To give a little context:

In BACnet I have roundtrip tests implemented which takes some bytes, parses them and the serialize again. Here we are losing data because the 0x0 is just omitted and then never written again.

IMHO null terminated strings are something special (https://en.wikipedia.org/wiki/Null-terminated_string) and not related to the encoding itself (see section on character encoding on that page). For example Java is handling a special version of UTF-8 (https://en.wikipedia.org/wiki/UTF-8#Modified_UTF-8) which re-encodes 0 to not confuse null-terminated readers for backward compability. ASCII and UTF-8 itself are perfectly fine with 0x00 bytes in a string.
Also in my opinion the fact that 0-terminated strings are used belong to the protocol specific configuration and should be declared when strings are used or on top level.

Coming back to BACnet for example: I know the encoding and the length. And if it says it is UTF-8 (0x0) for example with a length of 6 I want to read a string with length of 6 and not randomly only 5 because some random vendor is using a null terminated string. So I want to avoid losing data.

As I said for me it should be part of the protocol spec and not low level hard coded into the ByteBased readers/writers.

Sebastian 

On 2022/11/07 13:59:53 Christofer Dutz wrote:
> Hi all,
> 
> I’m currently having a bit of a discussion with Sebastian. I would like to hear your opinion on this.
> 
> I recently updated the reader and writer to handle strings differently.
> 
> Previously we simply gobbled up all bytes and converted that into a string.
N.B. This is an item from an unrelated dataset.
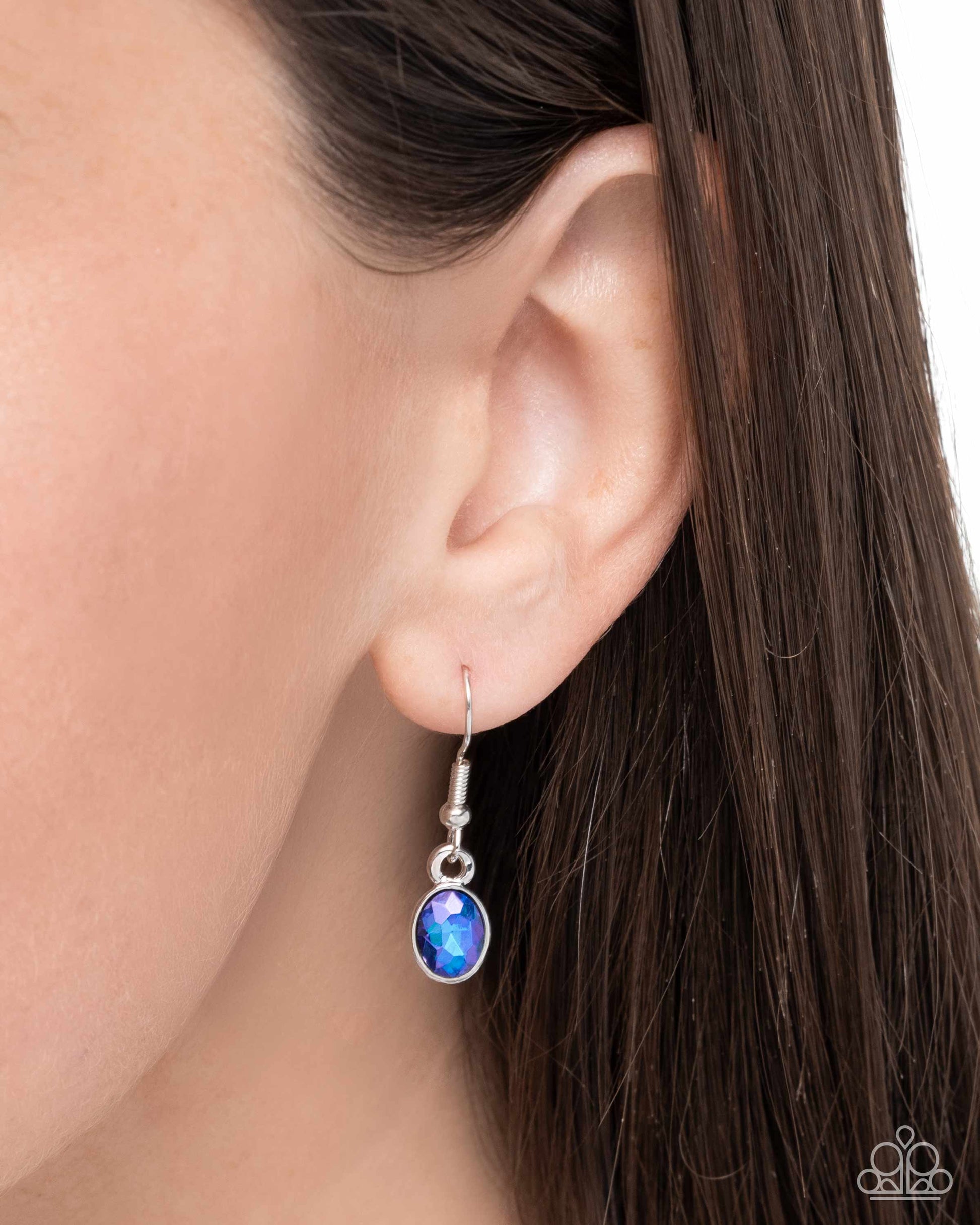 Pressed in upside-down teardrop and oval silver frames, a collection of purple and blue UV shimmery gems connecting to dainty silver cable chains, extend below the neckline to a purple UV shimmery gem heart for a pop of flashy feminine color. Features an adjustable clasp closure.

This resulted in the desired string to be located in the beginning, followed by a 0x00 char, which usually nobody could really display and then some times followed by garbage chars (if you’re lucky with readable characters).
> 
> I made the string reader terminate the string as soon as it comes across the 0x00 byte (NULL-Byte).
> 
> Now Sebastian and I are arguing a bit for and against this. He thinks I broke the RandomPackets tests (which I obviously did and we’re currently trying to figure out why the test didn’t fail on the CI … or more, why it didn’t run at all)
> 
> I guess one option is to bring our mspec options into the game and simply define an option wehere we decide how we want to have string encoding handled. Question however ist: Which should be the default encoding?
> 
> I would like to argue for 0-terminated strings being the default as this is what I have seen being used in every protocol I have come across.
> 
> Sebasitan argues that simply interpreting all bytes of the stirng as a string should be the default.
> 
> 
> Now’s the time to ask what you folks think.